Background: Influenza A infections are an important cause of morbidity and mortality in the elderly and patients affected by chronic diseases or immunodeficiencies. Treatment and prevention of infection in hospitals and nursing homes often involve the use of amantadine, but resistant viruses may arise.
Objectives: To assess the effectiveness of specific and sensitive methods for rapid screening and sequence confirmation of amantadine resistance, and the occurrence of amantadine resistance in recent influenza A virus isolates in Canada.

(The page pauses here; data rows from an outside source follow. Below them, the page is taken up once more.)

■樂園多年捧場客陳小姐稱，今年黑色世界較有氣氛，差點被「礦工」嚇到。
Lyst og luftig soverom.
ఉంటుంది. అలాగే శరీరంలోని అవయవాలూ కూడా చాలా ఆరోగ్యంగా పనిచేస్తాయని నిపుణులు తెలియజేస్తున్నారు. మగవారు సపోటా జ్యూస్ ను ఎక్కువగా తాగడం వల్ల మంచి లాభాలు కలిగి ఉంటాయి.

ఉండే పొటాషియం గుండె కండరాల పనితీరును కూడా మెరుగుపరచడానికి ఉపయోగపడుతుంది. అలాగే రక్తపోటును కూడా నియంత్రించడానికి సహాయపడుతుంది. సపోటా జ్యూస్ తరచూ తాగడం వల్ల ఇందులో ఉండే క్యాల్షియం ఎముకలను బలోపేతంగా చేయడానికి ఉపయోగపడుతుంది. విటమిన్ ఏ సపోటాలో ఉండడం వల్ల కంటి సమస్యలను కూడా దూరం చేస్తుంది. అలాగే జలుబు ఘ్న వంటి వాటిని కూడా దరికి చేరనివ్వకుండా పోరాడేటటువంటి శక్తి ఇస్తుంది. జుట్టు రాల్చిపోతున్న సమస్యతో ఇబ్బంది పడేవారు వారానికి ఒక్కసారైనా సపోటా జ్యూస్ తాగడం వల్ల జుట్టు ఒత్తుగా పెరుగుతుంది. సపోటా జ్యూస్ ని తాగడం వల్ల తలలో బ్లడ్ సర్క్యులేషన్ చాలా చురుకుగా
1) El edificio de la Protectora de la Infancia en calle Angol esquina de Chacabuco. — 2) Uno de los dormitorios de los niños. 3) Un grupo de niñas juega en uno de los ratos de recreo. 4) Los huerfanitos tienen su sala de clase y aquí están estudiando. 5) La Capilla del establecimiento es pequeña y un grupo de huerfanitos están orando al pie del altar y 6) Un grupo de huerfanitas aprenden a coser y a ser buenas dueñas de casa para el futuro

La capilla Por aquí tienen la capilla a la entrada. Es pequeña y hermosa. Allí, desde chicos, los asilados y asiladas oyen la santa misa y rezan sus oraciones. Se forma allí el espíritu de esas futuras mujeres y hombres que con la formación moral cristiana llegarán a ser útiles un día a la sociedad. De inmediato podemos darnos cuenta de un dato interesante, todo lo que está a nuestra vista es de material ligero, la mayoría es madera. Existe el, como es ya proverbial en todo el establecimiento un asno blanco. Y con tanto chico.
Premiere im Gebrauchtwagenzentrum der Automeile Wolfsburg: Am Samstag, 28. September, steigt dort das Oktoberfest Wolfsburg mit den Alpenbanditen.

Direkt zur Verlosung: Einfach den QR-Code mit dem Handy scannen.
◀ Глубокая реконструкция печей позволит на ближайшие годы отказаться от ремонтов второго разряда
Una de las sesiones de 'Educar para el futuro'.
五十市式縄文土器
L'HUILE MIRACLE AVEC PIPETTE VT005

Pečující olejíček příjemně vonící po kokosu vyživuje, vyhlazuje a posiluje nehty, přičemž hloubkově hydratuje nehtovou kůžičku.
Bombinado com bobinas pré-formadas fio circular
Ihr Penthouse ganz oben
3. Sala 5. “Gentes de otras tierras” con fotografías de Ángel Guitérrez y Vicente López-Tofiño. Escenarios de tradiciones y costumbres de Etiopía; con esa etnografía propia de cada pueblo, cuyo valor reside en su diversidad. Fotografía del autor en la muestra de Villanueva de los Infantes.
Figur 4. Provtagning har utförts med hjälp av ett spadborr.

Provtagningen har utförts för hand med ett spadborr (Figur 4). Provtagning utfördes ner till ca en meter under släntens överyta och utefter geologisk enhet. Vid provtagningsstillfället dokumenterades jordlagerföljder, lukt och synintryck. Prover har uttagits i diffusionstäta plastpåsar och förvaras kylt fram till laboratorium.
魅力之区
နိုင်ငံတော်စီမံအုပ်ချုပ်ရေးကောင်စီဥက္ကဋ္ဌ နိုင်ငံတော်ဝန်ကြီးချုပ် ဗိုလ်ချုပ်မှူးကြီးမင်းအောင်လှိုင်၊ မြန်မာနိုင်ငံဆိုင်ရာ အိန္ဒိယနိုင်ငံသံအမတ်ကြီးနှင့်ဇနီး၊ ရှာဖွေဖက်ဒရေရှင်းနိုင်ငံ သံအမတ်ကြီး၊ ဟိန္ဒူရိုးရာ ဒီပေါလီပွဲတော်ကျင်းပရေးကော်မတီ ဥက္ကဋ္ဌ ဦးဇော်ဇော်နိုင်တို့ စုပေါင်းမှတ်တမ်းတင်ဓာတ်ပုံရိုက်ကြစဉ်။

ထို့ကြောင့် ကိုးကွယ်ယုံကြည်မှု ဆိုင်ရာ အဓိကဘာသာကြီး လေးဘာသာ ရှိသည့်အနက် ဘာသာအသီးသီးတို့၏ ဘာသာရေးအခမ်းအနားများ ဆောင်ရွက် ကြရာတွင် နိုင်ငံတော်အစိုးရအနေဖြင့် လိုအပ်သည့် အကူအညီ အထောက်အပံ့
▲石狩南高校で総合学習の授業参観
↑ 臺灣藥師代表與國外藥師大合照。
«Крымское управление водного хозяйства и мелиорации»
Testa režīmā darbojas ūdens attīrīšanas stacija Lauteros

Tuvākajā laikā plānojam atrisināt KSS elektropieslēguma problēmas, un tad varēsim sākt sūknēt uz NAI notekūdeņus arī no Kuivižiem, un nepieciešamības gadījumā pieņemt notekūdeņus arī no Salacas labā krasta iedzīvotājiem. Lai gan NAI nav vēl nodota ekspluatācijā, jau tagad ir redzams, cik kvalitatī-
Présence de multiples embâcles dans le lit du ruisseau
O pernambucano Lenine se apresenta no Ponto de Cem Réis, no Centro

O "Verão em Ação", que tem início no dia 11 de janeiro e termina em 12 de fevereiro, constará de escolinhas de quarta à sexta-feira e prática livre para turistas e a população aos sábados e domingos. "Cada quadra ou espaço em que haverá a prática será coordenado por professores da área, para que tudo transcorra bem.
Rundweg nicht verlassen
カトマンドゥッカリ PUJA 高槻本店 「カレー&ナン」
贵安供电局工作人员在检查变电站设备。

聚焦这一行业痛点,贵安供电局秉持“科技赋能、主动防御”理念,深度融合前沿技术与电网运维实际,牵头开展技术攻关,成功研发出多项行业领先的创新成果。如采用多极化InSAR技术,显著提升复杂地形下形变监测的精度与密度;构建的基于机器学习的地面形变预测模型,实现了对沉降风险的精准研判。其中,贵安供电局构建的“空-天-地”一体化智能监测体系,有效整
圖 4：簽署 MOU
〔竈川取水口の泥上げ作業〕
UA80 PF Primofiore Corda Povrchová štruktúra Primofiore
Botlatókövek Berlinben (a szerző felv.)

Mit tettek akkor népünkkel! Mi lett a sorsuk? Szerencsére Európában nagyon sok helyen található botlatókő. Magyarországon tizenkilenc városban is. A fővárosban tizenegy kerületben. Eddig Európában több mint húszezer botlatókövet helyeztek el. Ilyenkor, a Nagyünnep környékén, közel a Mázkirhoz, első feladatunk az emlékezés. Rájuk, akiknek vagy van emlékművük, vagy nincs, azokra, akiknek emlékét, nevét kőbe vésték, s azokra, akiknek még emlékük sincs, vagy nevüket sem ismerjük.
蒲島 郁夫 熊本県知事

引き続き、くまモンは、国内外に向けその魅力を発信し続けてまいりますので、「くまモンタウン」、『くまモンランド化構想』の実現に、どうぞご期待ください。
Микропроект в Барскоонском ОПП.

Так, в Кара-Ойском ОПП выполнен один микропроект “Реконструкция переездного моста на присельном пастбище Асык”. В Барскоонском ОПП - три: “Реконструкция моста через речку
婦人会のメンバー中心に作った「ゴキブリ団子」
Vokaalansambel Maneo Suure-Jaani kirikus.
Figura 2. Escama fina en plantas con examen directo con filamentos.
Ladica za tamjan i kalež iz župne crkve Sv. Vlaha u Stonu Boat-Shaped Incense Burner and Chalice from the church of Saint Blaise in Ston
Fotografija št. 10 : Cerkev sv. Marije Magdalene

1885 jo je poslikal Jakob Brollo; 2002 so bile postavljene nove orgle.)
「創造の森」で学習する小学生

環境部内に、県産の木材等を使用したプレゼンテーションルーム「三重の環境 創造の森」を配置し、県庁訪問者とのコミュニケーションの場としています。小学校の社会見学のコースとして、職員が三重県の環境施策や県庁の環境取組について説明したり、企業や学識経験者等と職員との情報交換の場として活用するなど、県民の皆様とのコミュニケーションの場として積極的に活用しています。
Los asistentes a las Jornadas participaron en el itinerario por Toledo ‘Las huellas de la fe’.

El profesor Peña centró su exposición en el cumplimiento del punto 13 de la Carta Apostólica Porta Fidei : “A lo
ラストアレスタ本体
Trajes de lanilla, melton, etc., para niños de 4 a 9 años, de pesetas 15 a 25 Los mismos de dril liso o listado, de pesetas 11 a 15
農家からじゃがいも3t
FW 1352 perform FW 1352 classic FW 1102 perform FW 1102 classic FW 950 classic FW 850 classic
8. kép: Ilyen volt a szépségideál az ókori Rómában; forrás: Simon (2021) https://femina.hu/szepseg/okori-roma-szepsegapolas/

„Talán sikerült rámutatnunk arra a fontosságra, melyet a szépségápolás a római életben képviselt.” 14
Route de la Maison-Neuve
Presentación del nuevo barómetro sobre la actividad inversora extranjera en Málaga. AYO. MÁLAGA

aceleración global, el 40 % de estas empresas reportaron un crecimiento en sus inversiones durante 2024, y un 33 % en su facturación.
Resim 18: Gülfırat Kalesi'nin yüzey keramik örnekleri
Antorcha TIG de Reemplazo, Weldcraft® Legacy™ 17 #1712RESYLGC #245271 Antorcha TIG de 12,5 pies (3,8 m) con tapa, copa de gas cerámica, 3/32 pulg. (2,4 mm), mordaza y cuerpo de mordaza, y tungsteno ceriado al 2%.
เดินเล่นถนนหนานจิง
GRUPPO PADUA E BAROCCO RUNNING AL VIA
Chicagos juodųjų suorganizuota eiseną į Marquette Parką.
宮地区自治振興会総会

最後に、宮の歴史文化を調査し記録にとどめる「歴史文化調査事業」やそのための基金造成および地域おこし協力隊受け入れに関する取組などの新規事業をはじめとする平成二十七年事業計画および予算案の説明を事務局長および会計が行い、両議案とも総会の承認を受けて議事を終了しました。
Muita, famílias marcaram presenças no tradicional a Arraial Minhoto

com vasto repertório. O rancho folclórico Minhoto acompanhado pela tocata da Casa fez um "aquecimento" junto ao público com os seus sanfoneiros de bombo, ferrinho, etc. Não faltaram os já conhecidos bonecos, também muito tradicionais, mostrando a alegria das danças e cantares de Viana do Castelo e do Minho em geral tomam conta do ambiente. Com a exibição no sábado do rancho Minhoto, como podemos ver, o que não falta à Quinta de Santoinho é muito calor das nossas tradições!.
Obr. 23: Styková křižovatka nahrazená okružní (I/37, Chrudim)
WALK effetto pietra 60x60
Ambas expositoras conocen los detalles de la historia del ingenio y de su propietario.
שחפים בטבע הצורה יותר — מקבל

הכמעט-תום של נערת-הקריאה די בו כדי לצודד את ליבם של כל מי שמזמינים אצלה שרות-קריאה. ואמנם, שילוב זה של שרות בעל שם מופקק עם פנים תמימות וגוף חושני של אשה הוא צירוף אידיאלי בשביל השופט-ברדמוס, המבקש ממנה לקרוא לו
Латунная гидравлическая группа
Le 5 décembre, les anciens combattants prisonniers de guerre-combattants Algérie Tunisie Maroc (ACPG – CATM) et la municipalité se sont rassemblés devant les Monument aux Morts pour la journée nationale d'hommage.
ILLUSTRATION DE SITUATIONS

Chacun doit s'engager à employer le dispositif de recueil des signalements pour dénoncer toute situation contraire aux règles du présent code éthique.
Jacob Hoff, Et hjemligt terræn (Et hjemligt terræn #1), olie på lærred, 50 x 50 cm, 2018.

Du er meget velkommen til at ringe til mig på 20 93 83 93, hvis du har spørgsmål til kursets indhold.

Study design: A chicken antiserum-based enzyme linked immunoassay (ELISA) was developed and used to screen fifty influenza A isolates for amantadine resistance. Drug sensitivity was expressed as a percentage of virus growth inhibition. The efficiency of the assay was compared to that of a monoclonal antibody (mab)-based ELISA using influenza A strains from 1968 to 1994. Specific PCR primers, generated to amplify the M2 gene region where amantadine resistance mutations occur, were tested over a wide range of strains. Direct sequencing of the PCR fragments was performed to confirm the presence of resistance mutations.
Results: The polyclonal antiserum-based ELISA detected antigens from all recent H1N1 strains and H3N2 strains tested at an inoculum dilution ten-fold lower than the mab-based ELISA. Primers for the detection of amantadine resistance mutations consistently amplified a wide range of strains. The direct sequencing of the RT-PCR amplicons generated, detected resistance mutations in reassortant and control viruses, the only strains found resistant by ELISA. All influenza A isolates (H3N2, H1N1) tested, except resistant controls and two reassortant viruses, were amantadine-sensitive as indicated by greater than 50% virus growth inhibition.
Conclusions: Influenza A virus susceptibility to amantadine could be detected by using an antiserum-based ELISA, offering a simple and more sensitive alternative to the mab-based assay. Coupled with direct sequencing of the M2 gene, it provides a reliable way to detect and confirm resistance in influenza isolates. However, no resistant clinical isolates were detected in the sample.